Time	Label	Presentation Title Authors
11:00	10.5.1	HYBRID ADAPTIVE CLOCK MANAGEMENT FOR FPGA PROCESSOR ACCELERATION Speakers: Alexandru Gheolbanoiu¹, Lucian Petrica¹ and Sorin Cotofana² ¹University POLITEHNICA of Bucharest, RO; ²Delft University of Technology, NL Abstract As FPGAs speed, power efficiency, and logic capacity are increasing, so does the number of applications which make use of FPGA processors. However, due to placement and routing constraints, FPGA processors instruction delay balancing is a real challenge, especially when the implementation approaches the FPGA resource capacity. Consequently, even though some instructions can operate at high frequencies, the slow instructions determine the processor clock period, resulting in the underutilisation of the processor potential. However, the fast instructions latent performance may be harnessed through Adaptive Clock Management (ACM), i.e., by dynamically adapting the clock frequency such that each instruction gets sufficient time for correct completion. Up to date, ACM augmented FPGA processors have been proposed based on Clock Multiplexing (CM), but they suffer from long clock switching delays, which could nullify most of the ACM potential performance gain. This paper proposes an effective FPGA tailored clock manipulation approach able to leverage the ACM potential. We first evaluate Clock Stretching (CS), i.e., the temporary clock period augmentation, as a CM alternative in FPGA processor designs and introduce an FPGA specific CS circuit implementation. Subsequently, we evaluate the advantages and drawbacks of the two techniques and propose a Hybrid ACM, which monitors the processor instruction stream and determines the optimal adaptive clocking strategy in order to provide the maximum speedup for the executing program. Given that CS has very low latency at the expense of limited accuracy and dynamic range we rely on it when the program requires frequent clock period changes. Otherwise we utilise CM, which is rather slow but enables the FPGA processor operation at the edge of its hardware capabilities. We evaluate our proposal on a vector processor mapped on a Xilinx Zynq FPGA. Our experiments indicate that on Sum of Squared Differences algorithm, Neural network, and FIR filter execution traces the hybrid ACM provides up to $14$\% performance increase over the CM based ACM. Download Paper (PDF; Only available from the DATE venue WiFi)

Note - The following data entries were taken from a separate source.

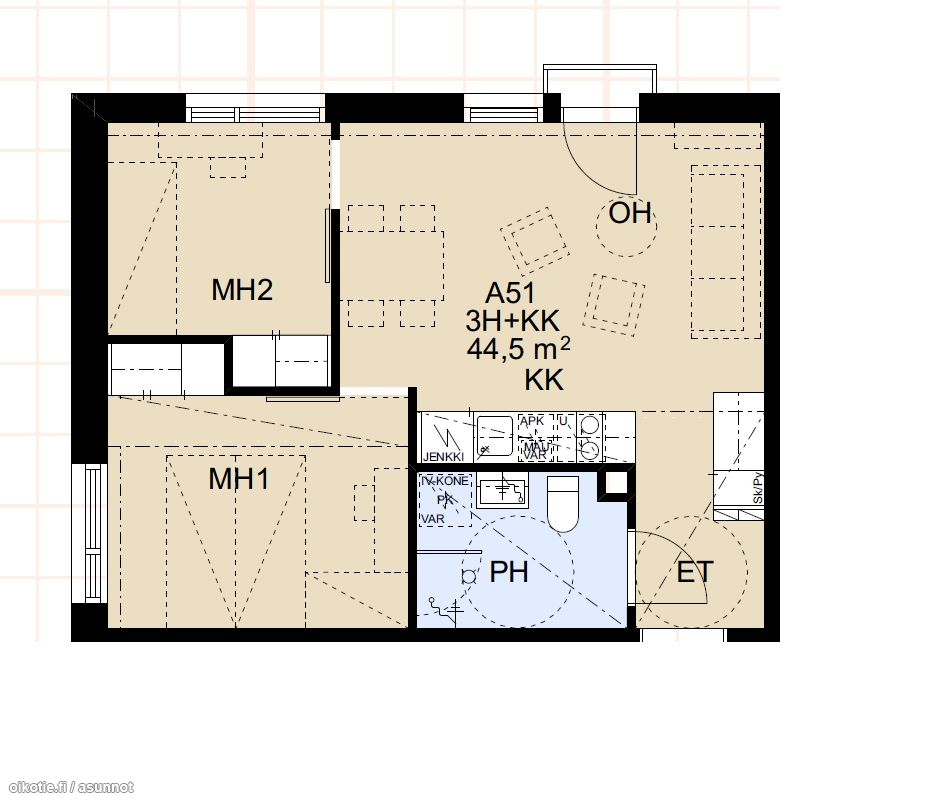| Asuinpinta-ala | 44.5 m² |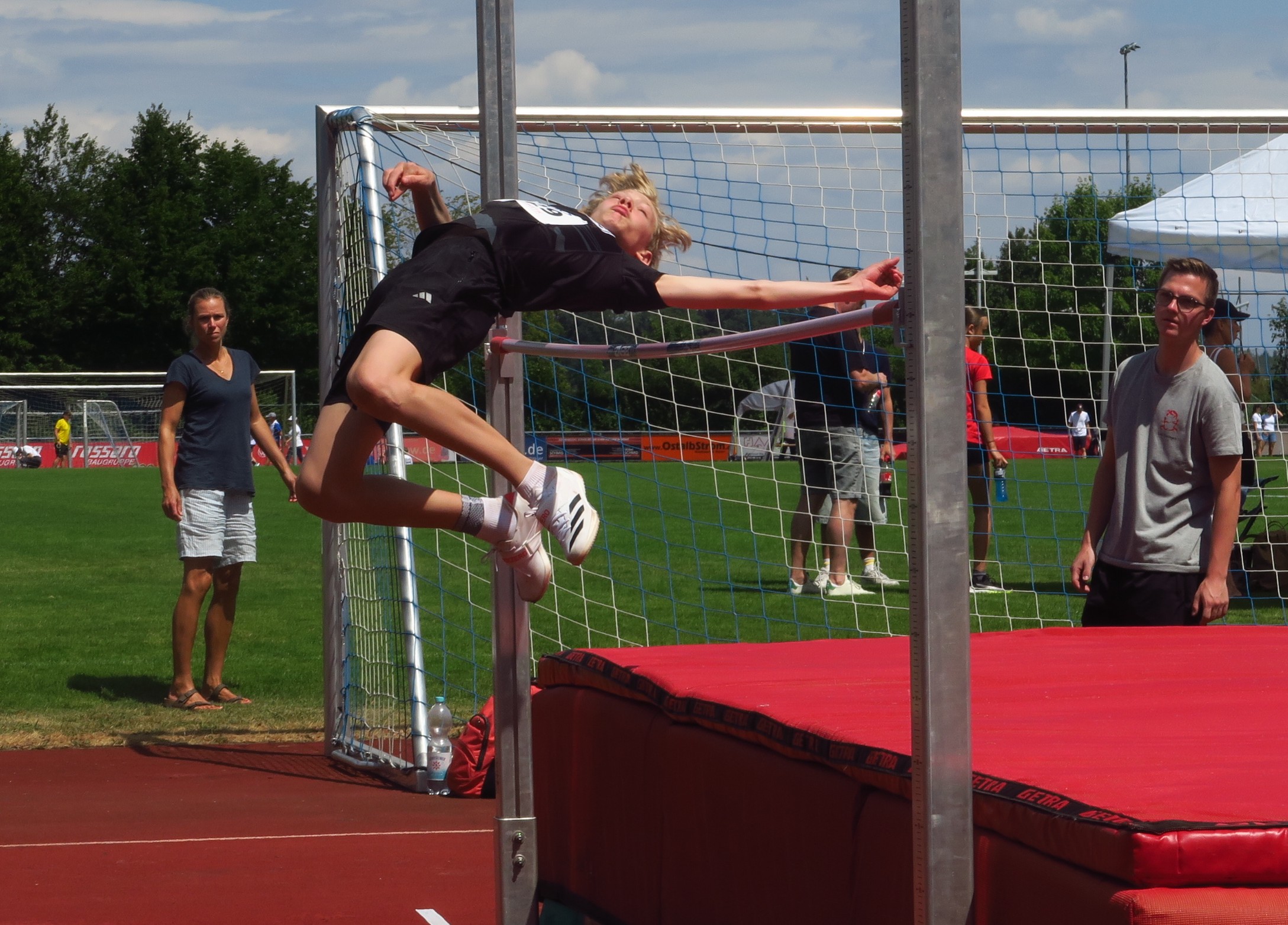 Der erste Teil des Wettkampftages stand im Zeichen der Wettbewerbe der männlichen Jugend U14. Dort fuhr im Blockwettkampf Wurf der M12 Marlon Metzger (LV Pliezhausen 2012) den ersten Favoritensieg ein. Mit 2.234 Punkten konnte er seine Konkurrenz um den Zweitplatzierten Jakob Schmid (Spvgg Holzgerlingen; 1.908 Punkte) und den Drittplatzierten Julian Helber (LG Filstal; 1.832 Punkte) deutlich auf Distanz halten. Im Blockwettkampf Lauf der M12 gelang dem Stuttgarter Lew Maximilian Gangl (Polizei SV Stuttgart) mit 2.180 Punkten ebenfalls ein beeindruckendes Resultat. Auf dem Weg zum Titel konnte er vor allem von der besten 800m-Zeit (2:29,54 Minuten) seiner Altersklasse profitieren. Das Podium komplettierten hier Julen Henschel (LG Filder; 1.984 Punkte) und Constantin Herbert (VfL Sindelfingen; 1.875 Punkte). Deutlich enger ging es dagegen im Blockwettkampf Sprint/Sprung der M12 zu. Hier entwickelte sich an der Spitze ein Zweikampf zwischen Claudel Thibaud (VfL Sindelfingen) und Alilou Djibril (DJK SG Wasseralfingen), bei dem sich der Sindelfinger nur mit einem starken Ballwurf auf 44 Meter vom Wasseralfinger abheben konnte, was ihm mit drei Punkten Vorsprung den Titel einbrachte. Noch weiter warf nur Paolo Spengler Castillo vom VfB Stuttgart 1893, der sich mit seinen 45,50 Meter auf den Bronzerang schieben konnte.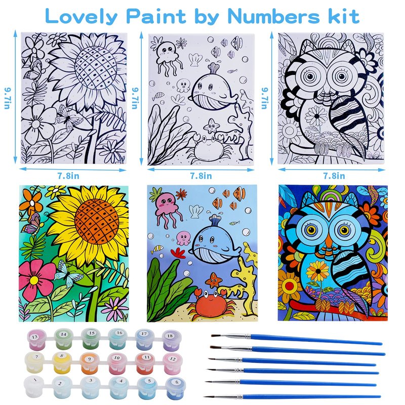 - 【All-inclusive kids paint by number kit】Create your little artist own mesmerizing artwork with our complete arts and craft paint kits. Deluxe paint for kids kit includes 3 style pre-stretched canvas (8x10 inch), 18 acrylic paint pots, 6 paintbrushes, 3 easy-to-follow cards, a pair of arm sleeves and giftable packaging. Oh, and don't forget the fun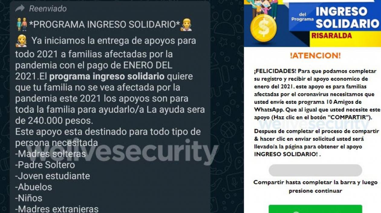 El engaño promete ser beneficiario del Ingreso Solidario, una ayuda monetaria como alivio por la pandemia que, si bien es una ayuda que genuinamente entrega el gobierno, el mensaje que circula a través de la aplicación de mensajería incluye un enlace que redirige a una página que no es oficial.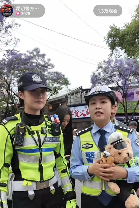 中午时分,警花抱着警熊走进直播间,带数万网友“云赏花”。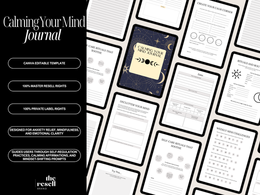Calming Your Mind Journal Canva Template | 20 Pages Editable | Anxiety Relief Workbook PLR + MRR | Digital Mindfulness Journal
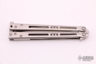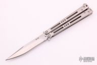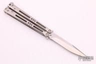 This Tempest Balisong from Jerry Hom features a satin finished balde with swedge. The handle is comprised of milled titanium handles with satin titanium backspacers and T latch. Includes a zippered case and COA dated 2/5/14. Excellent condition.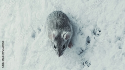 © ULFAITA, Obraz premium Small gray mouse on snowy ground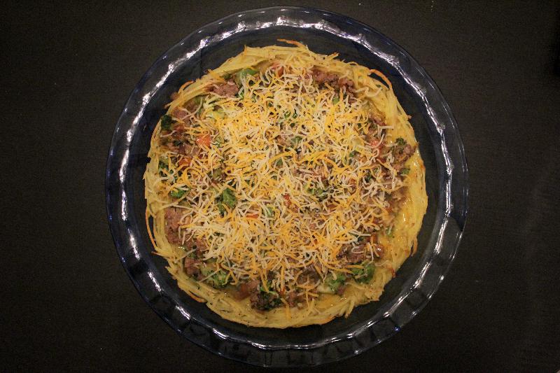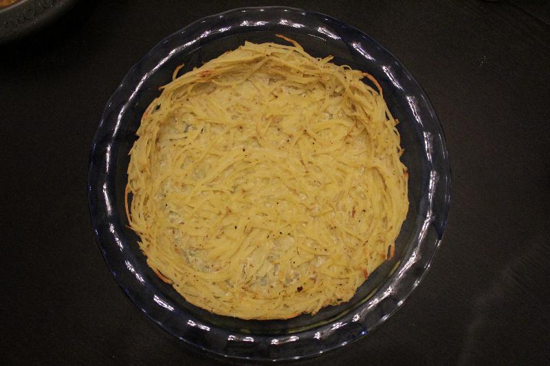 - Combine shredded potatoes, oil, salt, and pepper. Press into pie pan in an even layer, building the sides up as high as possible. Bake for 20 minutes, or until the edges are beginning to brown.
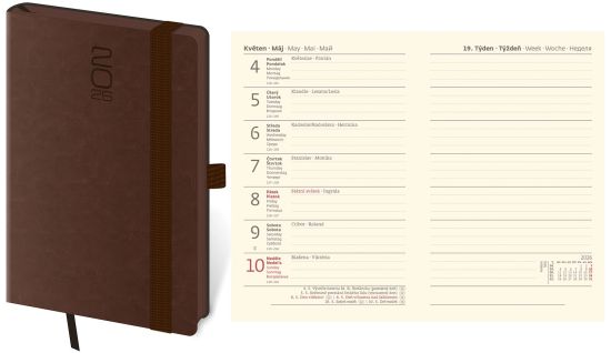 Diář Memory, týdenní, kapesní s gumičkou, tmavý hnědý 2026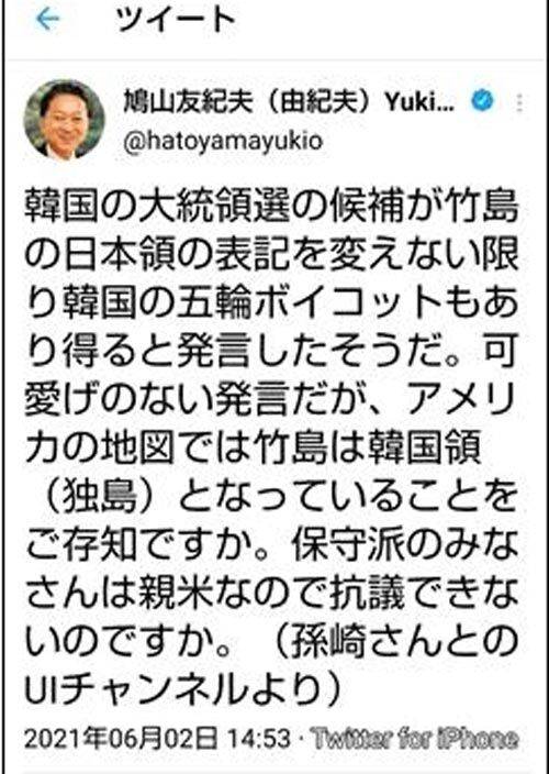 하토야마 전 총리는 2일 자신의 트위터 계정에 "한국 대선 후보가 다케시마)의 일본령 표기를 바꾸지 않으면 한국의 올림픽 보이콧도 있을 수 있다고 발언했다고 한다"면서 일본 입장에선 거북한 발언이지만 "미국 지도에 다케시마가 한국령(독도)으로 돼 있는 것을 알고 있는가"라고 반문하는 글을 올렸습니다.

11:30	10.5.2	A SCALABLE AND HIGH-DENSITY FPGA ARCHITECTURE WITH MULTI-LEVEL PHASE CHANGE MEMORY Speakers: Chunan Wei, Ashutosh Dhar and Deming Chen, University of Illinois, Urbana-Champaign, US Abstract As CMOS technology is stretched to its limits it has become imperative to look to alternative solutions for the next generation of FPGAs. In particular, due to the configurable nature of FPGAs, on-chip memory remains to be a major concern for designers. In this work we explore the use of Phase-Change Memory (PCM). We exploit the ability of PCM to exist in multiple intermediate states to store 2 bits per cell and develop a new Look Up Table (LUT) architecture. The new LUT can either store two functions with shared inputs or a single function with an additional input. We also explore the use of PCM in local routing mechanisms and thus propose a new Configurable Logic Block (CLB) composed of CMOS and PCM. The new design promises significant improvements in logic density and performance with area improvements of over 40% for all LUT sizes and delay improvements of 7% to 13% on an average for LUTs of size 10 to 6 . Download Paper (PDF; Only available from the DATE venue WiFi)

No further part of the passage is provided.